No. RAID-5 arrays (at least, as I know them) must be "built." This process can take 24-48 hours depending on how many drives you have; it completely zeros out the drives and writes the "RAID" components to the drive.

Also, you'll need at least 3 drives, not 2 to use RAID-5. I suggest at least 4 or more. I also suggest you spending the extra money for a hardware-level caching controller. I've got a SCSI one with 128MB of memory on it, and wouldn't have it any other way.
 
You need at least 3 drives for a raid5 array, and no, I dont believe they need to be the same brand - just same size (or you lose usage of the extra size... the array will use the lowest common sizing for all drives, per drive).

You can easily slap it into a raid5 array, but all the data will be lost unless you back it up somewhere else.

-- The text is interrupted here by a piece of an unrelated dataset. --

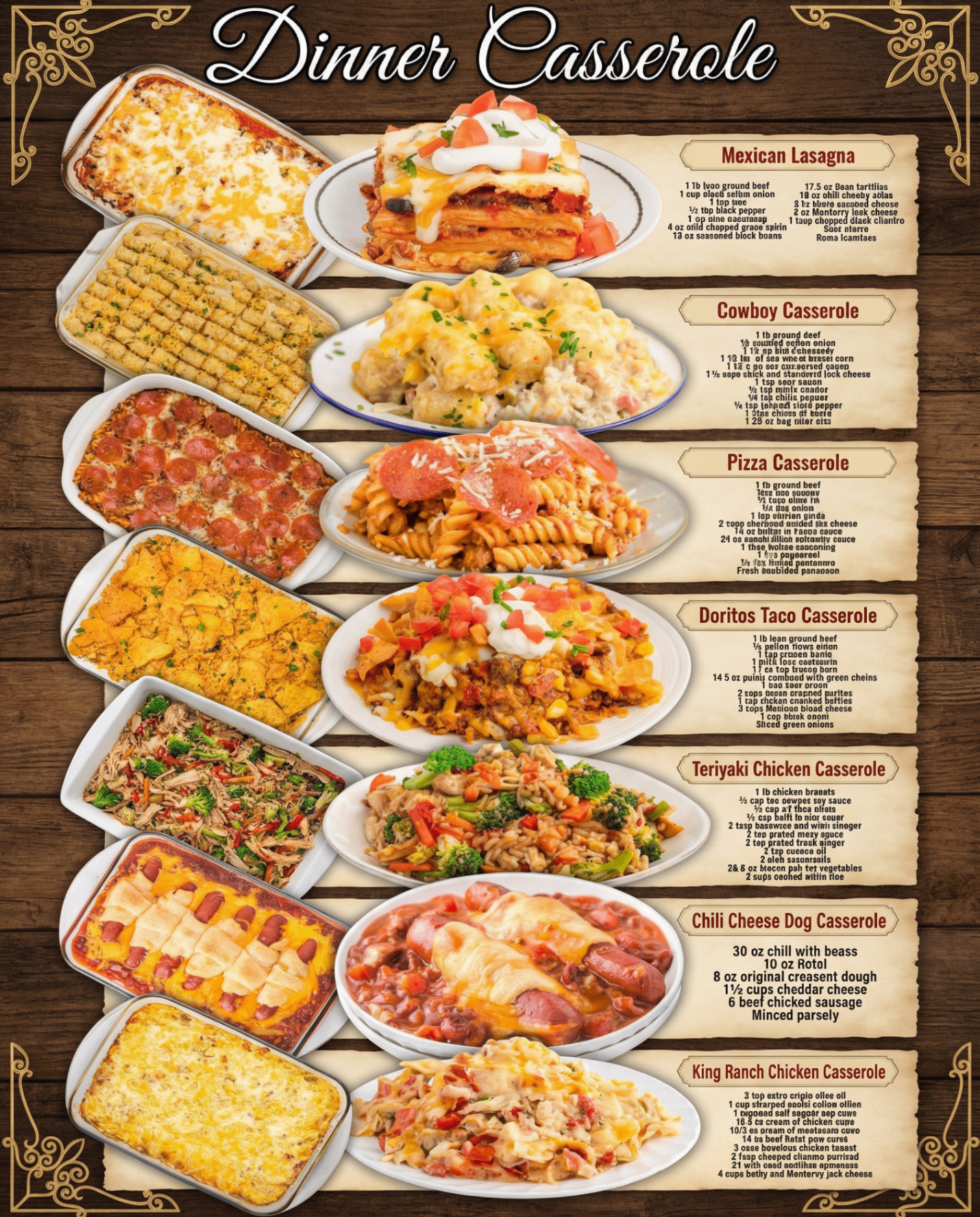 These seven dinner casseroles — from zesty Mexican Lasagna and crunchy Cowboy Casserole to fun Chili Cheese Dog Bake and comforting King Ranch Chicken — prove that one-pan meals can be exciting, flavorful, and effortless. Perfect for feeding a crowd, meal prepping, or busy weeknights, they bring big taste with minimal cleanup. Whether you crave Tex-Mex, pizza vibes, or classic comfort, there’s a casserole here to satisfy every craving. Grab your baking dish and start layering — your family will thank you! 🍲🧀

What will you need the raid5 array for?
 
enginurd said:
What will you need the raid5 array for?
Maybe because it is much faster and safer than a single hard drive? I used dual Raptors for a while, then moved to my hardware-caching SCSI controller, which on paper was technically a "downgrade," but in real life the difference is night and day. I wouldn't have it any other way, the most expensive/elaborate SATA drive on planet earth couldn't keep up with my array.
 
If you start with 3 drives you can do a raid 5
and if you're using a good Raid 5 card like mine that supports online capacity expansion then you can continue to add drives and making your array larger without losing the whole array and starting over.
 
SKy042 said:
If you start with 3 drives you can do a raid 5
and if you're using a good Raid 5 card like mine that supports online capacity expansion then you can continue to add drives and making your array larger without losing the whole array and starting over.
QFT. Hardware RAID controllers FTW!
 
drizzt81 said:
I doubt it is. Apparently this Hpt model is their hardware version. Unlike the 2320 they have plastered "hardware raid offload" all over the page.
Hmm....interesting. I didn't have PCI-X available to me on that machine.
Since it's a stand alone machine that does nothing but act as a network drive I feel pretty confident the Opteron 148 I put in there is plenty to power it if it is a software raid.
Wonder what CPU is under the big heatsink on my 2320 then??
 
SKy042 said:
Hmm....interesting. I didn't have PCI-X available to me on that machine.
Since it's a stand alone machine that does nothing but act as a network drive I feel pretty confident the Opteron 148 I put in there is plenty to power it if it is a software raid.
Wonder what CPU is under the big heatsink on my 2320 then??
The Opteron 148 should be plenty of overkill - Tweakers.net's review of the 1820a shows ~350MB/s sequential writes... on a single 140.

My guess as to what the chip under the heatsink is would be a pci-e to pci-x bridge. Compare the 2220 to the 2320 and you'll see where I got this idea - on the 2320, many of the traces coming off the heatsunk (?) chip go to the Marvell controller; on the 2220 they go straight to the pci-x bus. So my guess is they took the easy route out and bridged that sucker. The 3220 with the Intel IOP331 uses that as a pci-x bridge, and then has the rest of a 2220 tacked onto that. I haven't seen reviews of the 3220, but I'm interested. This is the same chip as the Areca cards use IIRC; it'd be interesting to see if this is another Promise-like implementation or if it's decent.